Care provisions and needs of Bangladesh's aging population

As life expectancy increases in Bangladesh, concern also raises on how to organise and provide personal and healthcare services for them. Rapid urbanisation, high-rise apartment living, greater formal sector labour force participation by both spouses, disintegration of joint families, and loneliness (as most adult children work full-time, or they go and settle overseas) complicate the caregiving options and availability. Policy and structural deficiency make the situation worse as the country's policymakers are yet to study and understand the huge needs the aging population will create in the next few decades and they have little or no clue about finding possible ways to meet these needs.

The aged and the people with disability need long-term care (LTC) services. LTC involves a variety of services intended to meet an individual's health or personal care needs usually for a long period of time. These services assist people to live self-reliantly and as safely as possible when they themselves are not able to perform everyday activities. LTC is provided in diverse places by a diverse group of caregivers, depending on the individual's needs. Historically, most LTC is provided at home by family members, relatives, and friends and by domestic helpers in Bangladesh. However, it can also be given in an institution such as a nursing home (commonly known as old homes in Bangladesh) or in the community, for example, in adult daycare centres that are yet to establish and operate in Bangladesh.

LTC service provides help with everyday activities -commonly called "activities of daily living". LTC also includes services such as arranging for delivery of cooked meals, attending adult day care, and accessing transportation services. These services may be provided free or for a fee depending on the existing insurance company's benefit options and availability, premium payment scheme or affordability, or the government-provided or subsidised systems once the Bangladesh government decides to develop and offer suitable models and means to help the elderly and the people with disability. 

People often need LTC when they are not old but develop a serious, ongoing health condition or disability. Thus the need for LTC can arise suddenly, such as after suffering from a stroke, heart attack, or injury. Most often, though, the LTC need develops gradually, as people get older and frailer or their ongoing illness or disability gets worse over time. A disability is any condition of the body or mind that restricts the individual from doing certain activities. Disabilities may affect a person's vision, movement, thinking, remembering, learning, communicating, hearing, mental health, and social relationships.

It is not easy to envisage how much or what type of LTC an individual may need. Several risk factors have been identified that increase LTC needs: 1) as people get older, the need increases, 2) women are at higher risk than men because they often live longer, 3) single people including widows and widowers need care from external care providers, 4) poor diet and lack of exercise increase a person's vulnerability, 5) health and family history also affect risk.

Some of these identified risk factors are already common or will be more common among Bangladeshi people as they will be living longer, women almost always marry men who are several years older than them meaning they will have a longer widowhood, and people in general particularly the urban people have poor dietary habits and almost no scope for doing physical exercise. The rate of divorce or separation is on the rise, more of older people are living alone as for better living, education, and wages, and a lot of younger age people are leaving the country. All of these suggest that LTC will be a great social necessity in Bangladesh.
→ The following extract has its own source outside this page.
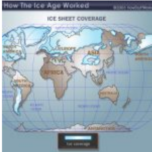
Des scientifiques annoncent 100 ans de refroidissement climatique

Bangladesh needs to explore possible ways to meet the growing needs of LTC and one alternative to long-term care in old homes is arranging for home-based care. Home-based LTC includes health, personal, and support services and these help people stay at home independently for as long as possible. Most LTC is still actually provided in homes in Bangladesh. These home-based services involve personal care, such as help with bathing, dressing, taking medications, and supervision. Unpaid family members, spouses, friends, and neighbors provide most of this type of care in Bangladeshi society. Home-based LTC services can also be provided by paid caregivers, including informal caregivers, and healthcare professionals such as nurses, home health care aides, therapists, and homemakers, who are hired through home health care agencies in other countries. These services include home health care, meal services, friendly visitor/companion services, and emergency response systems. Bangladesh is yet to develop, trial, and offer home health care agencies. Entrepreneurs in Bangladesh can come forward with business models.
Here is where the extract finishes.